● **Records shown**:
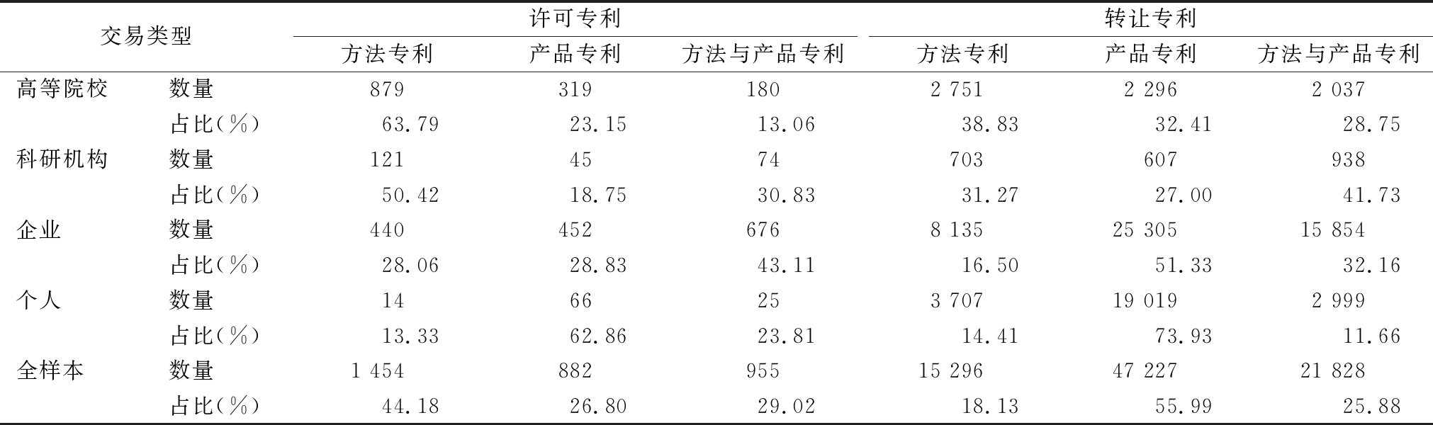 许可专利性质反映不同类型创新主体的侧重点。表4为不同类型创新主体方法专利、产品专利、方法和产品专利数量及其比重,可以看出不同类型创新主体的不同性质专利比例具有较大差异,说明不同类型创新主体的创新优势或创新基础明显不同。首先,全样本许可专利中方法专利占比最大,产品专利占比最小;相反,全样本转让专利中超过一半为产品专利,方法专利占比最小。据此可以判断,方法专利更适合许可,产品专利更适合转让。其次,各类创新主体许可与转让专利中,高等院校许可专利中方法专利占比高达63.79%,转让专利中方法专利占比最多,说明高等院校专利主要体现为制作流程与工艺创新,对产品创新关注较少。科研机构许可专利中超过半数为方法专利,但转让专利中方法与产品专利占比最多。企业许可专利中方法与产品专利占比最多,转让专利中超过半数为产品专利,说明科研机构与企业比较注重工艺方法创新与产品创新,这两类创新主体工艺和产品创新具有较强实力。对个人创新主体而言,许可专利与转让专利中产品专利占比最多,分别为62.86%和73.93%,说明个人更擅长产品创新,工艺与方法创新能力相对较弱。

...

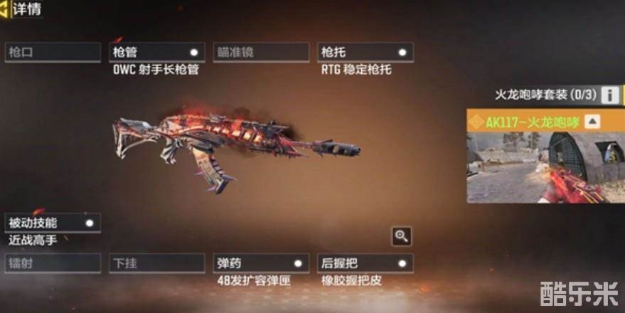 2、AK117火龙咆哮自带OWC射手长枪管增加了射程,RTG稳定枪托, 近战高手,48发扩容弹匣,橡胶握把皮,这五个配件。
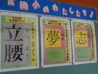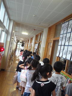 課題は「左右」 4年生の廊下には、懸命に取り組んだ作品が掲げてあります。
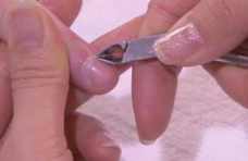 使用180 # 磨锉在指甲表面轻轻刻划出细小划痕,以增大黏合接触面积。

...

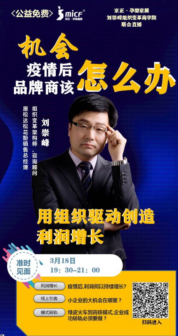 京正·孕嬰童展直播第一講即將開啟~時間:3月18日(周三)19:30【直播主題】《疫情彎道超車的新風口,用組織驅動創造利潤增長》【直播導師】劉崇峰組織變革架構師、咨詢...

● **About this exercise**:
Only one stretch of the listing above is to be duplicated: the lines from the one containing "課題は「左右」 4年生の廊下には、懸命に取り組んだ作品が掲げてあります。" through the one containing "使用180 # 磨锉在指甲表面轻轻刻划出细小划痕,以增大黏合接触面积。", both included. Copy them exactly, minus the pictures.

● **Your solution**:
 課題は「左右」 4年生の廊下には、懸命に取り組んだ作品が掲げてあります。
 使用180 # 磨锉在指甲表面轻轻刻划出细小划痕,以增大黏合接触面积。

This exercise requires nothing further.